Where I Write: Sarah Urwin Jones
I once thought that I would write more or better if I had my own room to write in, as Virginia Woolf said. Having once turned an actual cupboard into a ‘study’ that I could only enter by climbing over the back of the chair and scraping my legs slowly under my ‘desk’ (a plywood shelf), I am strongly aware that any such room – if that luxury be within one’s reach – ought never measure less than 3ft by 3ft.
It should all have been perfect, yet I rarely wrote there
When I moved into a marginally bigger flat, whose hall cupboard was – perhaps fortunately – already occupied by both a freezer and a boiler, I plumped for a desk in the living room between the pram, the clothes horse and the bookshelves. I hung pictures above the desk, lined up useful books along the rear edge, propped up postcards and photos and the odd bit of fossicked ephemera. It should all have been perfect, yet I rarely wrote there. Perhaps it was the weight of expectation. Perhaps it was the awful choice of location. Perhaps it was the exhaustion of new parenthood. But the domestic flotsam piled up on its surface more readily than words on the page.
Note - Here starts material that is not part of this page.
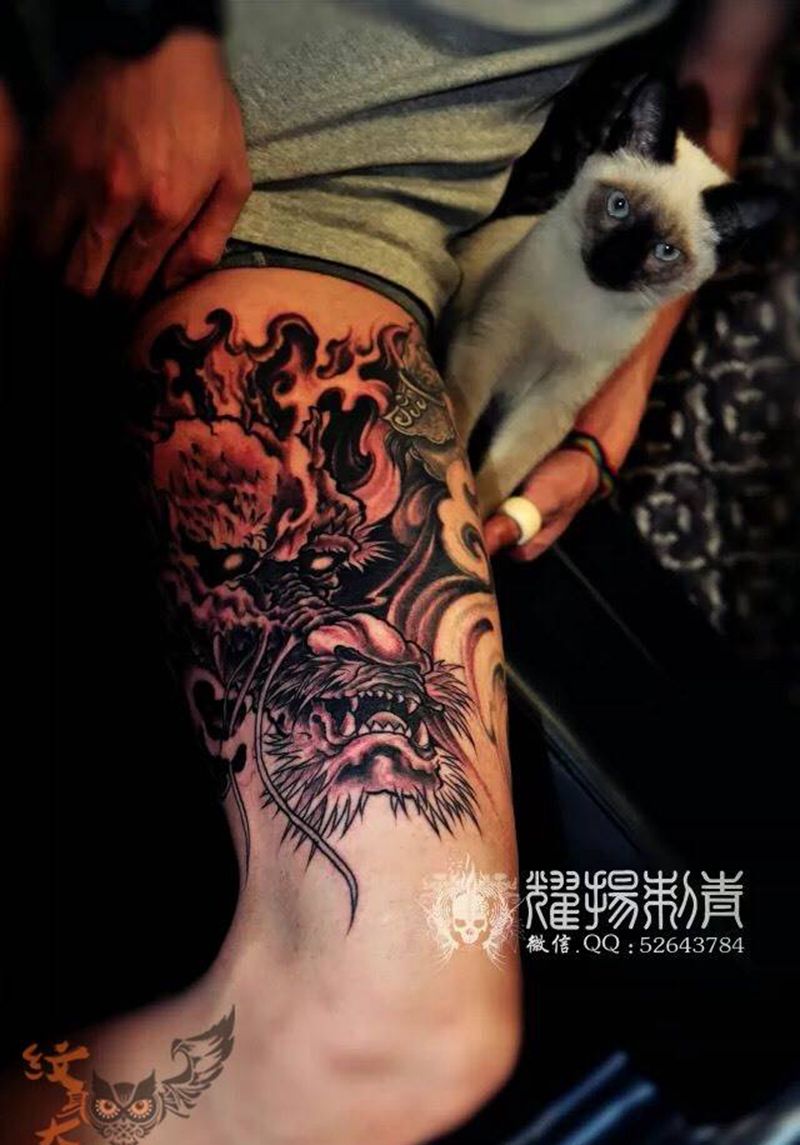 • T网红王老大花腿龙纹身图片_腿部新传统纹身图案

I dreamed of libraries, particularly the quiet reference kind with ornate ceilings or fabulous double-height bookstacks, trundling book trolleys and book request forms. I dreamed, too, of a ‘Roald Dahl’ writing shed, but ours was full of recalcitrant spiders and towering ziggurats of plastic plant pots. I tried writing in a cafe once, but felt so anxious about the rate at which I was or wasn’t drinking my tea that I nearly burnt my tongue.
And then it came to me, as I lay propped up on the sofa one evening in a familiar but manageable state of exhaustion, shoehorning in writing whilst the kids slept, my laptop propped up somewhat precariously on a cushion, having just pressed ‘send’ on my New Writers Award application. This was my ‘room’ and that was ok. Any posture, any location, getting words on a page. It was something of an epiphany.
Because aside from all the other wonderful things parenthood brings, it also brings a sense of the worth of time. Grasp what time you can, when you can, around the bustle of family – or other – life.
Grasp what time you can, when you can, around the bustle of family – or other – life.
Give me a few hours, tucked in bed just north of horizontal in the early mornings on those occasions when someone else is free to make breakfast and find missing socks. Give me the rare half hour with my thoughts in the raucous bustle of the busy canteen of the kids’ weekend music school, a slim horizontal window at the top of the dining hall showing a sliver of leaf and sky, the sound of music faint along the corridor. Give me all these things, give me a distant view of trees if you’re feeling generous, and I am away.
I am writing this now as midnight seeps into the early hours, huddled in another ‘room’ in front of the fire in a rather more upright position than usual – the sofa having currently been turned into a sailing ship, with full rigging and supplies for a trip round Cape Horn. The chair might not be the most comfortable, but I can’t lie down at this hour or I’ll be asleep.